Data extract Start Marker

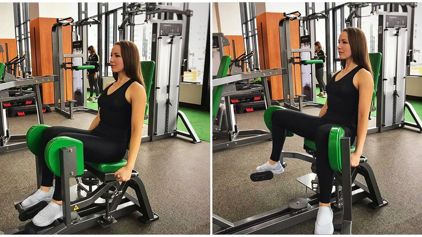 • Тренажер для сгибания/разгибания ног: он нужен для проработки мышц задней поверхности бедра (бицепсы бедра), но при выполнении разгибания ног также активно работают большие ягодичные мышцы. Из особенностей: возможность прокачать попу и тыльную часть бедра, что делает ноги значительно мощнее. Здесь можно менять веса, поэтому тренажер подойдет для каждого.
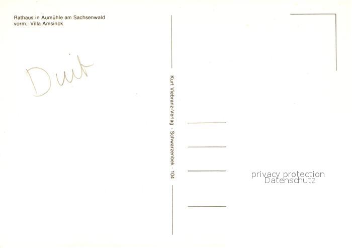 72934664 Aumuehle Lauenburg Rathaus Villa Amsinck postalisch nicht gelaufen Erhaltung siehe scans [FriedD77] KatCode: 11110001053003
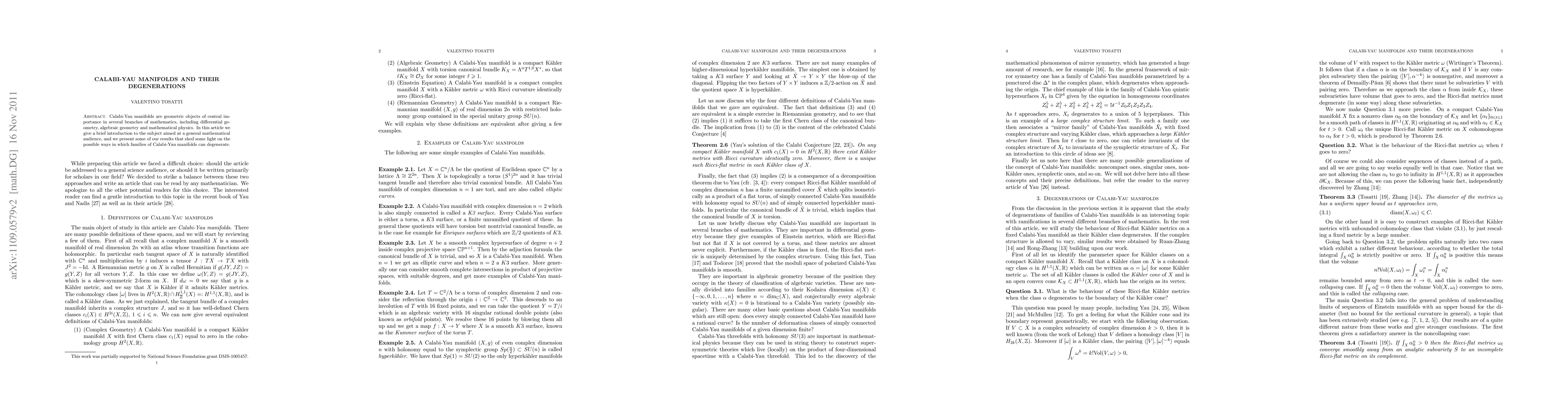 Summary: This expository note provides an overview of Calabi-Yau manifolds, focusing on their Ricci-flat metrics and the study of their degenerations, elucidating the structures and behaviors of these special geometric objects.

Data extract End Marker

Description of the task: Repeat the material exactly as it reads, without any of its pictures.

Task answer:
 • Тренажер для сгибания/разгибания ног: он нужен для проработки мышц задней поверхности бедра (бицепсы бедра), но при выполнении разгибания ног также активно работают большие ягодичные мышцы. Из особенностей: возможность прокачать попу и тыльную часть бедра, что делает ноги значительно мощнее. Здесь можно менять веса, поэтому тренажер подойдет для каждого.
 72934664 Aumuehle Lauenburg Rathaus Villa Amsinck postalisch nicht gelaufen Erhaltung siehe scans [FriedD77] KatCode: 11110001053003
 Summary: This expository note provides an overview of Calabi-Yau manifolds, focusing on their Ricci-flat metrics and the study of their degenerations, elucidating the structures and behaviors of these special geometric objects.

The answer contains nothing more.